Tateando minha cama a buscar - te, acordo encharcado entre os lençóis. Tudo por saber que mudou minha vida e já não há o o que eu possa fazer. Meus amigos me estranham, os familiares se assustam e sei que cego confio só em ti. Não que devesse, só não vejo outra escolha. Não vejo saída.

 Peço a Deus pra que um dia possa de ti me apartar, mas Ele nada me fala. Mais e mais sinto nojo de nossa torpe relação, pois que se me acolhes é que sabes: Não há em ti vida sem mim, enquanto és mero objeto. Até quando, é o que me pergunto. Mas não me diz nada.  

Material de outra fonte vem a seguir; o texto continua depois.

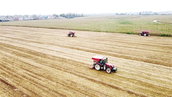 ?10月14日,市城鄉(xiāng)一體化示范區(qū)許灣街道孔莊村村民在田間耕作。連日陰雨暫歇,農(nóng)戶們利用晴好天氣,與時間賽跑,抓緊秋播。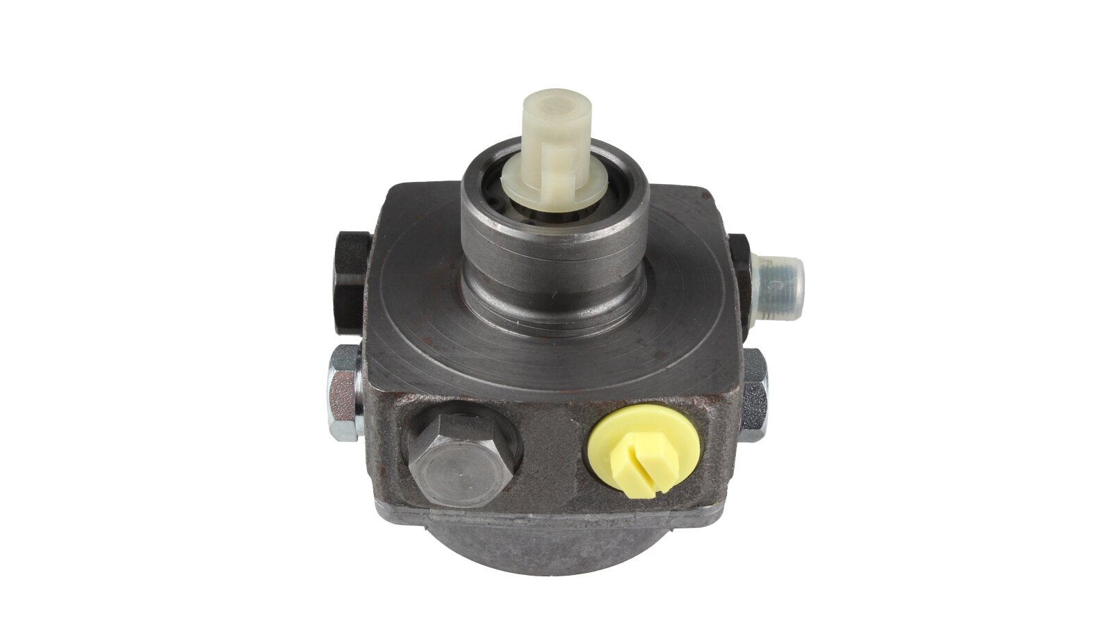 The pump operates on the movement of a gear mechanism. The shaft rotates clockwise.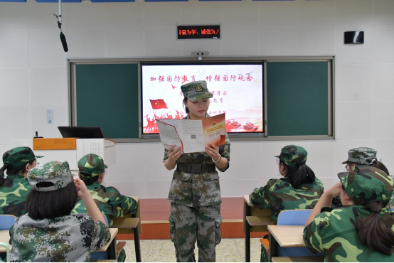 首先,由军训教官王佳伟、蔡林建、熊思遥、聂茂林带领同学们学习河北省高校老员工参军入伍的相关政策规定,并结合自身参军入伍的经验为同学们介绍了参军入伍的流程、基本待遇、经济待遇、政治待遇(发展前途)和老员工士兵退伍优待政策。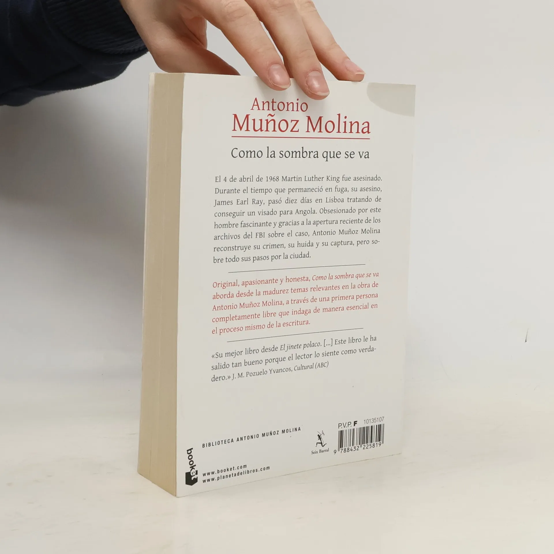 El 4 de abril de 1968 Martin Luther King fue asesinado. Durante el tiempo en que permaneció en fuga, su asesino, James Earl Ray, pasó diez días en Lisboa tratando de conseguir un visado para Angola. Obsesionado por este hombre fascinante y gracias a la apertura reciente de los archivos del FBI sobre el caso, Antonio Muñoz Molina reconstruye su crimen, su huida y su captura, pero sobre todo sus pasos por la ciudad. Lisboa es paisaje y protagonista esencial en esta novela, pues acoge tres viajes que se alternan en la mirada del escritor: el del prófugo Earl Ray en 1968; el de un joven Antonio que en 1987 parte en búsqueda de inspiración para escribir la novela que lo consagró como escritor, El invierno en Lisboa, y el del hombre que escribe esta historia hoy desde la necesidad de descubrir algo esencial sobre estos dos completos desconocidos. Original, apasionante y honesta, Como la sombra que se va aborda desde la madurez temas relevantes en la obra de Antonio Muñoz Molina: la dificultad de recrear fielmente el pasado, la fragilidad del instante, la construcción de la identidad, lo fortuito como motor de la realidad o la vulnerabilidad de los derechos humanos, pero cobran aquí forma a través de una primera persona completamente libre que indaga de forma esencial en el proceso mismo de la escritura.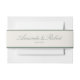Minimalist personalized wedding invitation belly bands featuring elegant script names in ivory and sage green color.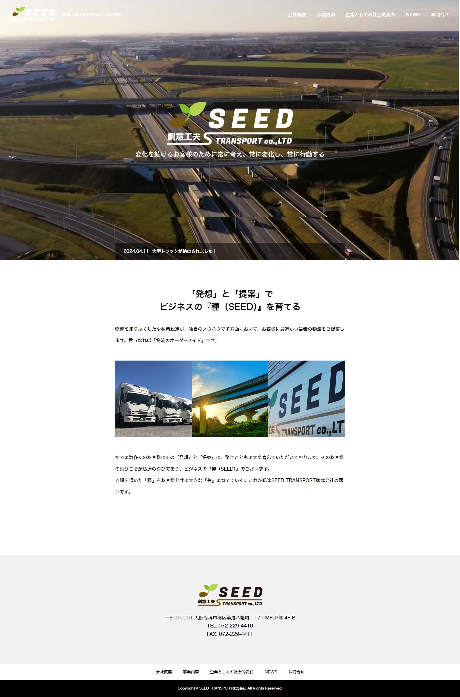運送会社のHP SEED TRANSPORT株式会社 公開日/制作日:2022年10月31日 URL:https://seedtransport.co.jp/ 運送会社様のWEBサイトを制作させていただきました。企業イメージを高めたいとのご要望でした。 ターゲット ・BtoB 目的 企業イメージを高めつつ、認知度アップしていきたい 設計 トップ 会社概要 安全への取組 NEWS お問い合わせ デザイン FVで動画を採用。SGDSに力を入れている事をメインにシンプルで伝わりやすいサイトに仕上げました 制作期間 2週間 使用ツール Photoshop / illustrator / DreamWeaver / WordPress

segunda-feira, 30 de abril de 2012

Regionalismos endêmicos



Ver de longe a tua silhueta e saber que você não estã lá é uma dor gostosa e até engraçada. Os loucos dançam sozinhos no meio da rua. Eu te encontro, de novo e outra vez, noutros lábios e delícias que não te pertencem. É assim, sempre sobre você, passando por cima.

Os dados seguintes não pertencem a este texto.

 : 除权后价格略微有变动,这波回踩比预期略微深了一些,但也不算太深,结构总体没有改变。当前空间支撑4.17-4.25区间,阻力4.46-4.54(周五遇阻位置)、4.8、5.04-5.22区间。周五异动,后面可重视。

Sobreposições em desnível, como velhos ladrilhos de cidade velha: mova uma pedra, duas, sete pedras e tudo ainda estará lá. Como da primeira vez, como aquele antigo bar que foi nosso e que hoje nos é negado. Porque não é mais da gente. Não há mais a gente, sabe?

Sobram apenas os loucos que dançam sozinhos e falam de um amor que desconhecem. Cantam canções que não lhes pertencem, fora de hora, "brincando de papai e mamãe que se amavam livremente entre as flores". Esqueceram envergonhados como é "brincar de casinha" e embora desfrutem de leito sempre quentinho, estão constantemente sozinhos ao nascer do sol. Pior: sem Café da manhã.



        *          *          * 


Daí olho pro lado e te reconheço mais uma vez. Sinto que vai começar tudo de novo.
Mas talvez não. Essa pode ser só mais uma poesia sobre a gente, caso (ou nesse caso, casos - a cada vez um novo) muito específico. Mas talvez não. Talvez seja só mais uma poesia qualquer, de um poeta qualquer  esquecido num canto  de uma cidade velha qualquer.

  

domingo, 22 de abril de 2012

Soneto do ocaso

  













Teu batom já borrado
Tuas presas rasgadas
Como doces pegadas
No meu torso desnudo

Olho ainda cansado
Os espólios da guerra
Minha cara amassada
 E o teu hálito sujo

Tal qual Pedro e seu pé
Preto o peito que dou
O que posso e o que quer

Mal o galo cantou
Nem saiu o café
Alvorada chegou

quarta-feira, 21 de março de 2012

ORAÇÃO





O valor das coisas está no valor que a elas damos. Um livro roto cheirando a velharia, uma maçã meio mordida, um velho cacoete arremedado em carinhoso escárnio. Ou ainda um poema bobo, poema fraco, mas que é o teu poema. Poema todo teu. Pois vinde a nós o nosso reino e seja feita a nossa vontade (no princípio, agora e ) sempre. Esta seja a tua oração.

sexta-feira, 16 de março de 2012

Quid Pro Quo

Dois, para mim, é barroco.

Hoje o dia é nublado e da tua cama não vejo nada além de cinza. Nas tuas costas, com a ponta de um dos dedos, escrevo um nome, que perpassa as dobradiças da tua janela e beija a boca quente de um passado nem tão passado assim - como um rabisco no canto de um papel em uma aula maçante; como uma inspiração notívaga, que por preguiça não tomas nota, na confiança de que no amanhã ainda viverá na memória.
Sempre vi vilãs as pessoas que me afligiam. Mas será que não sou eu o antagonista, vivendo da ventura do que sinto por dentro das calças?
A tua respiração me agulha como trompetes e fliscornes nos ouvidos de um cão. Cão que ladra na noite silenciosa para ouvir como resposta o eco de seu próprio latido. E assim fico, tentando fazer todo o céu lá de fora caber na ponta do meu polegar, enquanto o teu corpo me queima a pele neste frio cortante e o cheiro forte de suor do teu travesseiro me inquieta.
Ponho tudo em pratos limpos, faço a mesa, mas não quero ouvir o tilintar dos talheres. Porque me lembra uma festa que esqueceram de me convidar: um banquete para poucos, onde a essência tira o gosto de indústria dos alimentos, onde não há espaço para a sobremesa.
E como sói acontecer, parto, sabendo que voltarei, pois esqueci meus cigarros na sua varanda de onde me assistes partir sem um sorriso sequer.

Nada como uma boa desordem pondo as coisas no lugar!